[Data records]
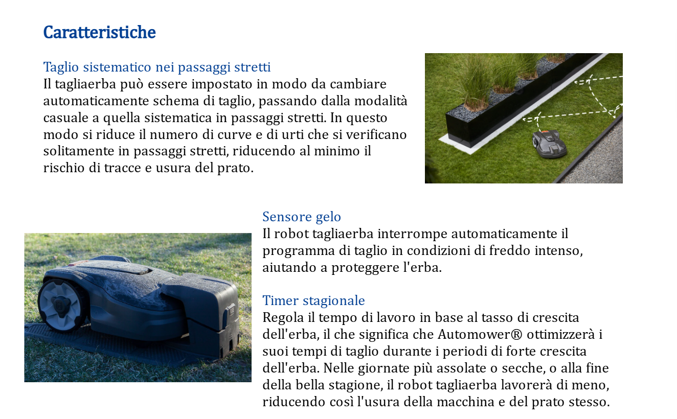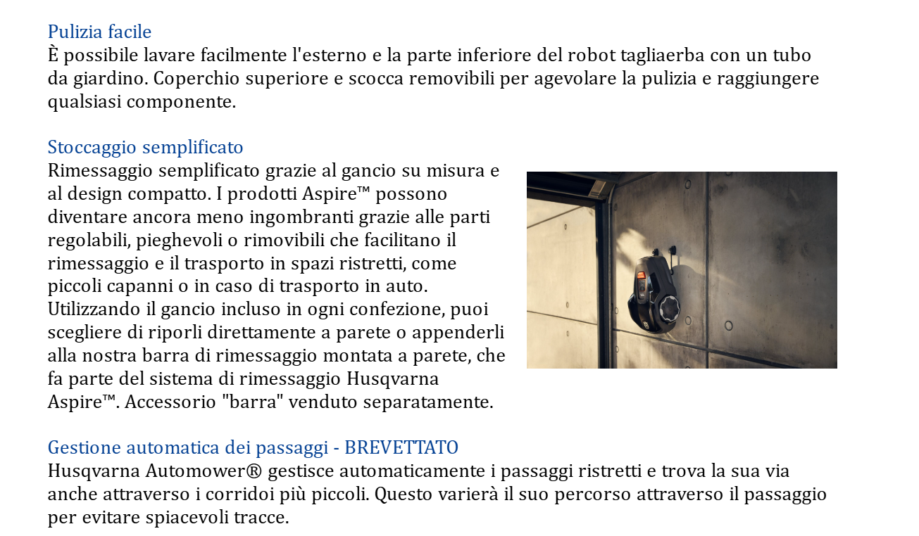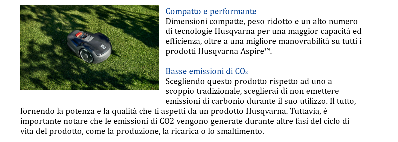 Robot tagliaerba compatto, ottimizzato per il taglio di prati di piccole dimensioni e passaggi stretti. Husqvarna Automower® Aspire™ R4 è dotato di protezione gelo e di timer stagionale che regola il taglio in base alle condizioni atmosferiche, garantendo un funzionamento affidabile e risultati ottimali. Con l'app Automower® Connect, è possibile avere il pieno controllo del tagliaerba, gestendolo e monitorandolo tramite telefono cellulare. Il tagliaerba può anche essere integrato con i dispositivi domotici, in modo da poter utilizzare il controllo vocale con Alexa o Google Home oppure sfruttare le routine IFTTT. Il rimessaggio è facilitato dal design compatto e dai ganci Aspire™ inclusi.
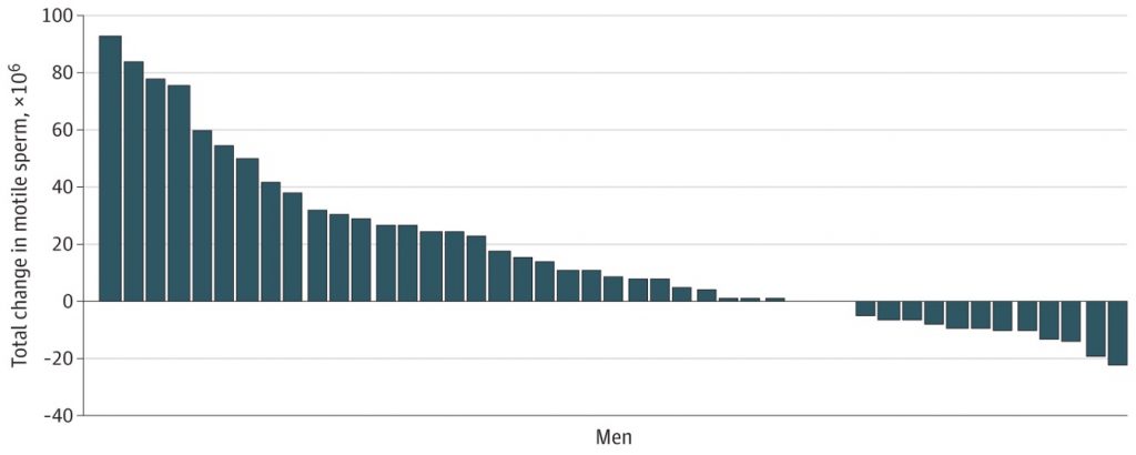 次の図はCOVID-19ワクチン接種前後の参加者45人の総運動精子数パラメータの変化を示すウォーターフォールプロットです。棒グラフが0より上に伸びていると改善しているし、0より下だと悪化していることがわかります。全体的には上昇に傾いていますね。
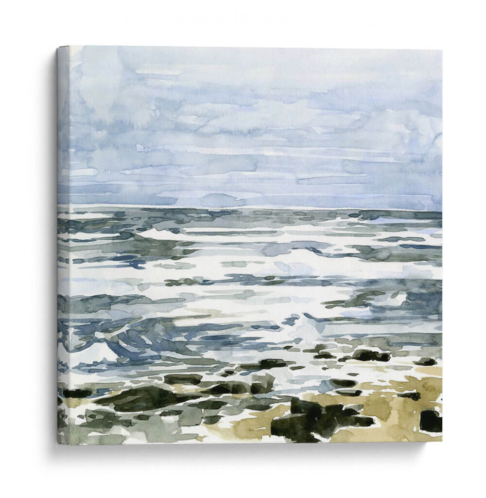 Sumérgete en la serenidad del océano con "Paisaje Marino Suelto II" de Gerard Paul Deshayes. Esta cautivadora obra de arte evoca la tranquilidad de la costa a través de una interpretación suelta y atmosférica del mar. Predominan los tonos fríos de azul y gris, aplicados con pinceladas fluidas que capturan el movimiento de las olas y la vastedad del cielo plomizo. Las rocas en primer plano, representadas con tonos tierra y grises oscuros, añaden una textura y profundidad sutiles a la composición. El estilo, que recuerda al impresionismo acuático, permite que la luz juegue en la superficie del agua, creando un efecto dinámico pero relajante. Es el cuadro decorativo perfecto para quienes buscan infundir calma y un toque de naturaleza costera en sus espacios, ya sea en una sala de estar, un dormitorio o una oficina. "Paisaje Marino Suelto II" es más que una imagen; es una invitación a la contemplación y a la conexión con la naturaleza, ideal para añadir un acento de serenidad y elegancia contemporánea a cualquier decoración.
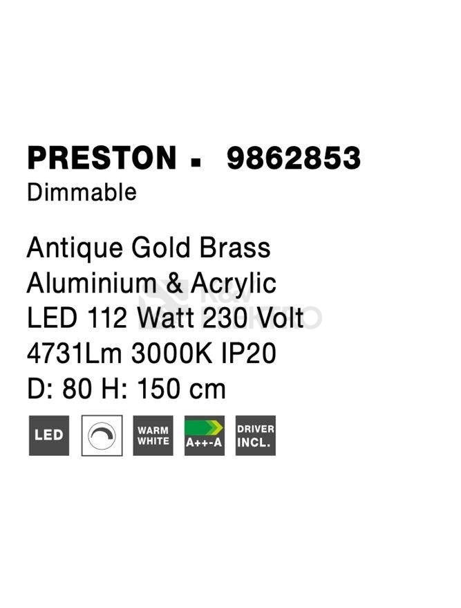 Závěsné LED svítidlo NOVA LUCE PRESTON 112W 3000K 9862853 stmívatelné Triac disponuje dobrým poměrem cena/výkon od prověřeného výrobce NOVA LUCE. Další informace k produktu naleznete níže.
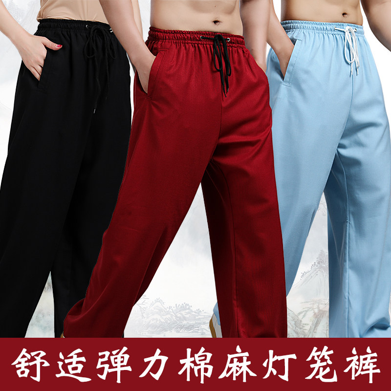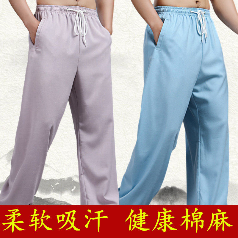 The new Tai Chi clothing women's cotton linen spring and summer Tai Chi pants men's martial arts practice pants bloomers competition performance clothing
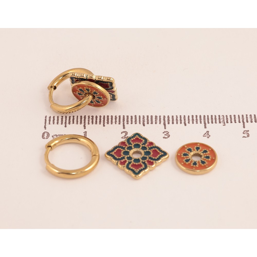 Серьги Xuping TTM Stainless Steel цвет 14К подвески на колечках "Узор эмалью" 2 в 1
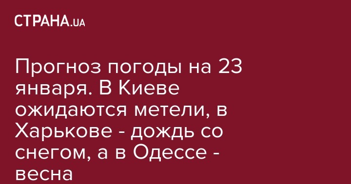 В среду, 23 января, Украину накроют снегопады. И если в восточных областях снег пройдет вместе с дождем, то центральные и северные регионы ожидают настоящие метели. Об этом свидетельствует прогноз, опубликованный на сайте Укргидрометцентра

### YOUR INSTRUCTIONS
Exact copy, no pictures: reproduce every entry shown above.

### RESULT OF THIS TASK
 Robot tagliaerba compatto, ottimizzato per il taglio di prati di piccole dimensioni e passaggi stretti. Husqvarna Automower® Aspire™ R4 è dotato di protezione gelo e di timer stagionale che regola il taglio in base alle condizioni atmosferiche, garantendo un funzionamento affidabile e risultati ottimali. Con l'app Automower® Connect, è possibile avere il pieno controllo del tagliaerba, gestendolo e monitorandolo tramite telefono cellulare. Il tagliaerba può anche essere integrato con i dispositivi domotici, in modo da poter utilizzare il controllo vocale con Alexa o Google Home oppure sfruttare le routine IFTTT. Il rimessaggio è facilitato dal design compatto e dai ganci Aspire™ inclusi.
 次の図はCOVID-19ワクチン接種前後の参加者45人の総運動精子数パラメータの変化を示すウォーターフォールプロットです。棒グラフが0より上に伸びていると改善しているし、0より下だと悪化していることがわかります。全体的には上昇に傾いていますね。
 Sumérgete en la serenidad del océano con "Paisaje Marino Suelto II" de Gerard Paul Deshayes. Esta cautivadora obra de arte evoca la tranquilidad de la costa a través de una interpretación suelta y atmosférica del mar. Predominan los tonos fríos de azul y gris, aplicados con pinceladas fluidas que capturan el movimiento de las olas y la vastedad del cielo plomizo. Las rocas en primer plano, representadas con tonos tierra y grises oscuros, añaden una textura y profundidad sutiles a la composición. El estilo, que recuerda al impresionismo acuático, permite que la luz juegue en la superficie del agua, creando un efecto dinámico pero relajante. Es el cuadro decorativo perfecto para quienes buscan infundir calma y un toque de naturaleza costera en sus espacios, ya sea en una sala de estar, un dormitorio o una oficina. "Paisaje Marino Suelto II" es más que una imagen; es una invitación a la contemplación y a la conexión con la naturaleza, ideal para añadir un acento de serenidad y elegancia contemporánea a cualquier decoración.
 Závěsné LED svítidlo NOVA LUCE PRESTON 112W 3000K 9862853 stmívatelné Triac disponuje dobrým poměrem cena/výkon od prověřeného výrobce NOVA LUCE. Další informace k produktu naleznete níže.
 The new Tai Chi clothing women's cotton linen spring and summer Tai Chi pants men's martial arts practice pants bloomers competition performance clothing
 Серьги Xuping TTM Stainless Steel цвет 14К подвески на колечках "Узор эмалью" 2 в 1
 В среду, 23 января, Украину накроют снегопады. И если в восточных областях снег пройдет вместе с дождем, то центральные и северные регионы ожидают настоящие метели. Об этом свидетельствует прогноз, опубликованный на сайте Укргидрометцентра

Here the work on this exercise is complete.